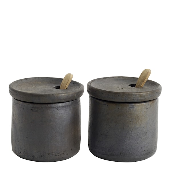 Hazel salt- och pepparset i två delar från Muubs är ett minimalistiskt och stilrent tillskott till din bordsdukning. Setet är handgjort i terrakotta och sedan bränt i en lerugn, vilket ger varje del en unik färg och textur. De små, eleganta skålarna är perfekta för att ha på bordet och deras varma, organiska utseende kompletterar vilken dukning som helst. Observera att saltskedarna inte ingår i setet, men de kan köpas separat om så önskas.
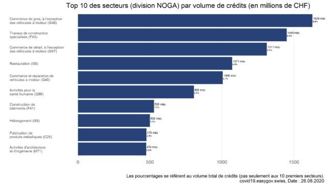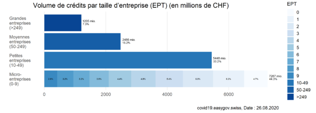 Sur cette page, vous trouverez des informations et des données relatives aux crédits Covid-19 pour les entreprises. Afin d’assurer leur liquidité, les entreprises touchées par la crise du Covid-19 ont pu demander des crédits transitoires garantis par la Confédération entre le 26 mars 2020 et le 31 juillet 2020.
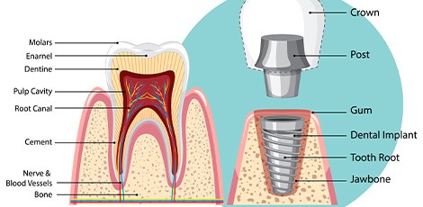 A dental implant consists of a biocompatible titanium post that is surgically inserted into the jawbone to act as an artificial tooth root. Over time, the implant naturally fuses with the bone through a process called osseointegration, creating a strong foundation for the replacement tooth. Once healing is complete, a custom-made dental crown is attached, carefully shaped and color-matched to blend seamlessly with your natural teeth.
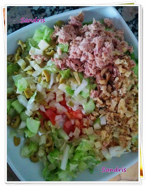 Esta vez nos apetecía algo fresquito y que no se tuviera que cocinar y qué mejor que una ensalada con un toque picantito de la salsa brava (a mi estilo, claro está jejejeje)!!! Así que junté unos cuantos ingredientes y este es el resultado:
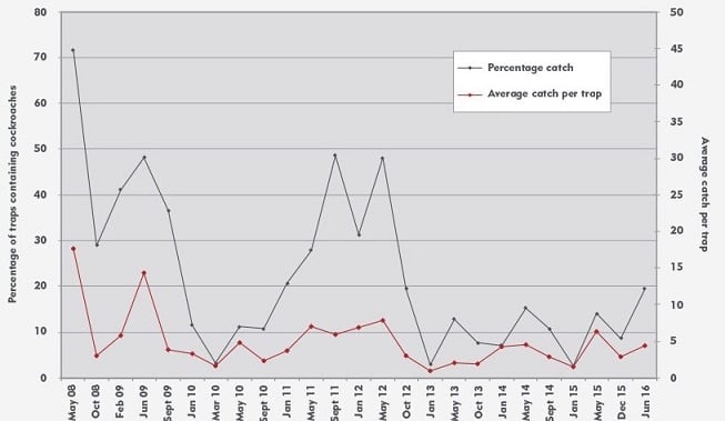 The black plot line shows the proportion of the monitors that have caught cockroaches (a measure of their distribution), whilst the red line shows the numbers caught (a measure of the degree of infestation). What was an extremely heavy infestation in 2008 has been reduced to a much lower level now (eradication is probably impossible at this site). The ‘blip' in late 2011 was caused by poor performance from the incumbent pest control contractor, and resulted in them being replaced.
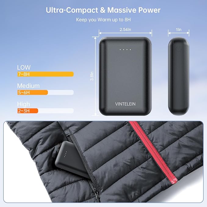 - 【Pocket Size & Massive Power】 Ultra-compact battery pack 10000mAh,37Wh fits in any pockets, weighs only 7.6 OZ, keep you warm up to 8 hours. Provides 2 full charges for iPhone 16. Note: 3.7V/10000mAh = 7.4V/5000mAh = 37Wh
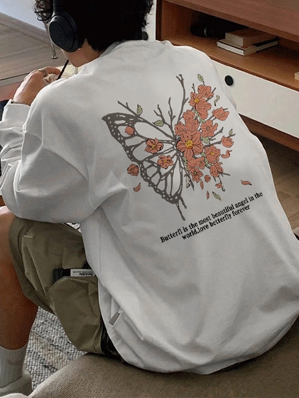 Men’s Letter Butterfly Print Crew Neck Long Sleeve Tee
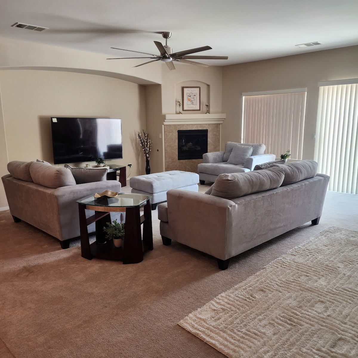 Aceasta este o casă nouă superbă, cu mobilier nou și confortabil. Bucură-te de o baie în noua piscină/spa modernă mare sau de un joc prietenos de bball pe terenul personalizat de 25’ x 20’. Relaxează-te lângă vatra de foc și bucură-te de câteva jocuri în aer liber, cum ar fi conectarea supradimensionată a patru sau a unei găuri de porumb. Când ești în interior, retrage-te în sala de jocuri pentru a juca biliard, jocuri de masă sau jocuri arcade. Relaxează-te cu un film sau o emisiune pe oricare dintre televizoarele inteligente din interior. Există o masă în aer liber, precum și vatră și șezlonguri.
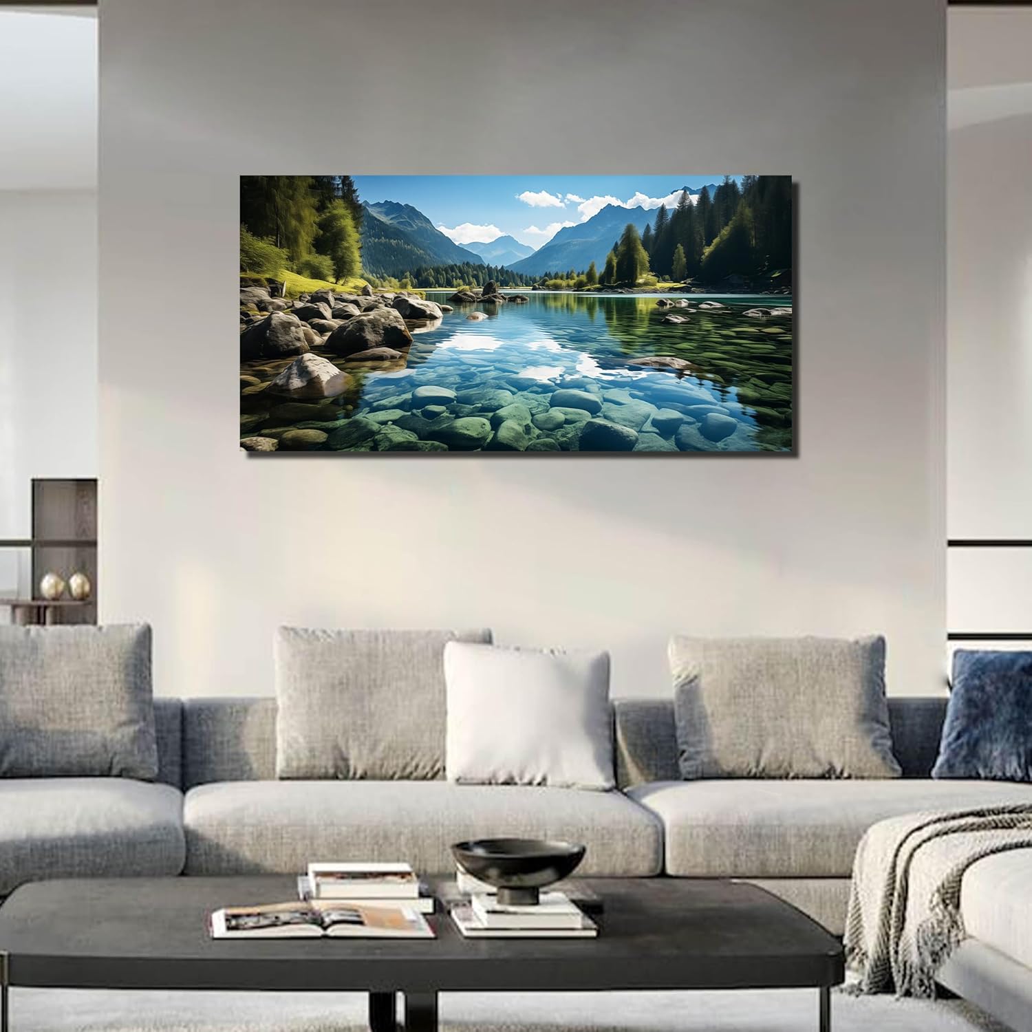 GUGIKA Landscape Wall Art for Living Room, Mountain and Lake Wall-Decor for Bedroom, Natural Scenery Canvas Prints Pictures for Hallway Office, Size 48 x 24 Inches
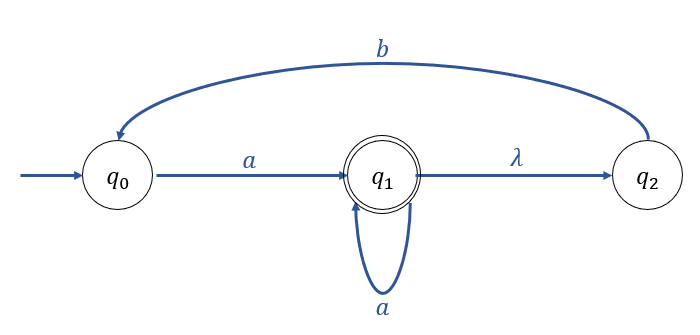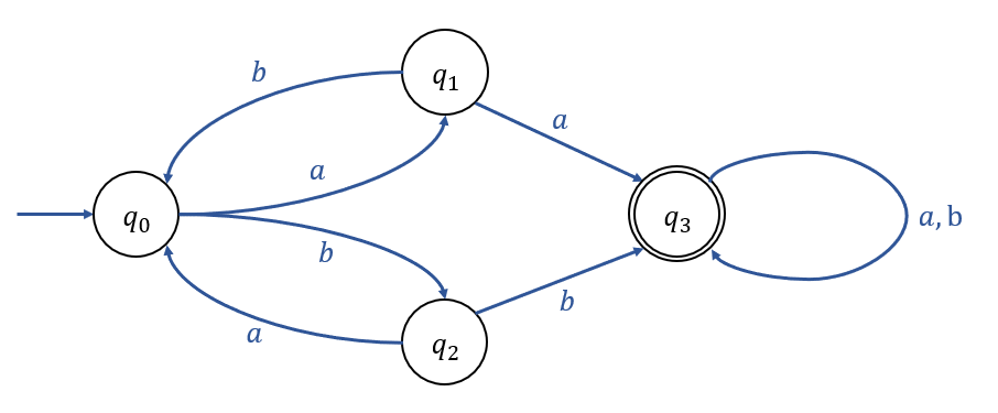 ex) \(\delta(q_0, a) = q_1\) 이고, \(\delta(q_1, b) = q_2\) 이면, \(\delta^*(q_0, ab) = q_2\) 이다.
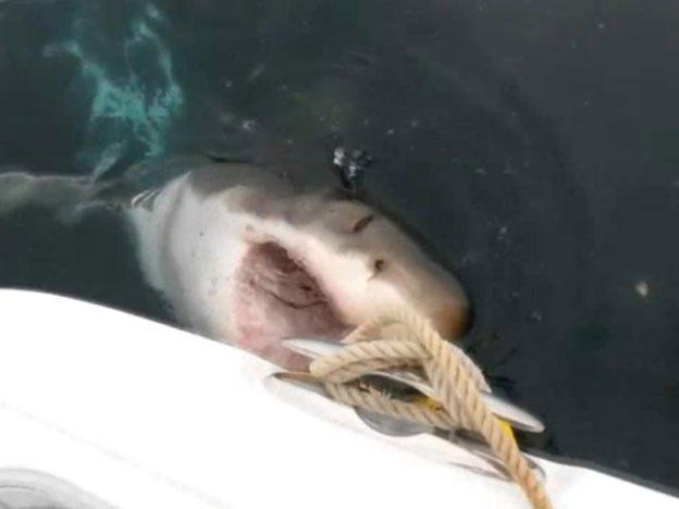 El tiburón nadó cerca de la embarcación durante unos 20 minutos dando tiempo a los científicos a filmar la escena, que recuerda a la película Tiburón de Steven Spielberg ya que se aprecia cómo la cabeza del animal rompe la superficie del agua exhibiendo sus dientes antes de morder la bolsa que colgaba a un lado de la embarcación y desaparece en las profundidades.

[Aim of the exercise]
Print every line of the data exactly. Pictures do not belong in the copy.

[Solution to the exercise]
 Hazel salt- och pepparset i två delar från Muubs är ett minimalistiskt och stilrent tillskott till din bordsdukning. Setet är handgjort i terrakotta och sedan bränt i en lerugn, vilket ger varje del en unik färg och textur. De små, eleganta skålarna är perfekta för att ha på bordet och deras varma, organiska utseende kompletterar vilken dukning som helst. Observera att saltskedarna inte ingår i setet, men de kan köpas separat om så önskas.
 Sur cette page, vous trouverez des informations et des données relatives aux crédits Covid-19 pour les entreprises. Afin d’assurer leur liquidité, les entreprises touchées par la crise du Covid-19 ont pu demander des crédits transitoires garantis par la Confédération entre le 26 mars 2020 et le 31 juillet 2020.
 A dental implant consists of a biocompatible titanium post that is surgically inserted into the jawbone to act as an artificial tooth root. Over time, the implant naturally fuses with the bone through a process called osseointegration, creating a strong foundation for the replacement tooth. Once healing is complete, a custom-made dental crown is attached, carefully shaped and color-matched to blend seamlessly with your natural teeth.
 Esta vez nos apetecía algo fresquito y que no se tuviera que cocinar y qué mejor que una ensalada con un toque picantito de la salsa brava (a mi estilo, claro está jejejeje)!!! Así que junté unos cuantos ingredientes y este es el resultado:
 The black plot line shows the proportion of the monitors that have caught cockroaches (a measure of their distribution), whilst the red line shows the numbers caught (a measure of the degree of infestation). What was an extremely heavy infestation in 2008 has been reduced to a much lower level now (eradication is probably impossible at this site). The ‘blip' in late 2011 was caused by poor performance from the incumbent pest control contractor, and resulted in them being replaced.
 - 【Pocket Size & Massive Power】 Ultra-compact battery pack 10000mAh,37Wh fits in any pockets, weighs only 7.6 OZ, keep you warm up to 8 hours. Provides 2 full charges for iPhone 16. Note: 3.7V/10000mAh = 7.4V/5000mAh = 37Wh
 Men’s Letter Butterfly Print Crew Neck Long Sleeve Tee
 Aceasta este o casă nouă superbă, cu mobilier nou și confortabil. Bucură-te de o baie în noua piscină/spa modernă mare sau de un joc prietenos de bball pe terenul personalizat de 25’ x 20’. Relaxează-te lângă vatra de foc și bucură-te de câteva jocuri în aer liber, cum ar fi conectarea supradimensionată a patru sau a unei găuri de porumb. Când ești în interior, retrage-te în sala de jocuri pentru a juca biliard, jocuri de masă sau jocuri arcade. Relaxează-te cu un film sau o emisiune pe oricare dintre televizoarele inteligente din interior. Există o masă în aer liber, precum și vatră și șezlonguri.
 GUGIKA Landscape Wall Art for Living Room, Mountain and Lake Wall-Decor for Bedroom, Natural Scenery Canvas Prints Pictures for Hallway Office, Size 48 x 24 Inches
 ex) \(\delta(q_0, a) = q_1\) 이고, \(\delta(q_1, b) = q_2\) 이면, \(\delta^*(q_0, ab) = q_2\) 이다.
 El tiburón nadó cerca de la embarcación durante unos 20 minutos dando tiempo a los científicos a filmar la escena, que recuerda a la película Tiburón de Steven Spielberg ya que se aprecia cómo la cabeza del animal rompe la superficie del agua exhibiendo sus dientes antes de morder la bolsa que colgaba a un lado de la embarcación y desaparece en las profundidades.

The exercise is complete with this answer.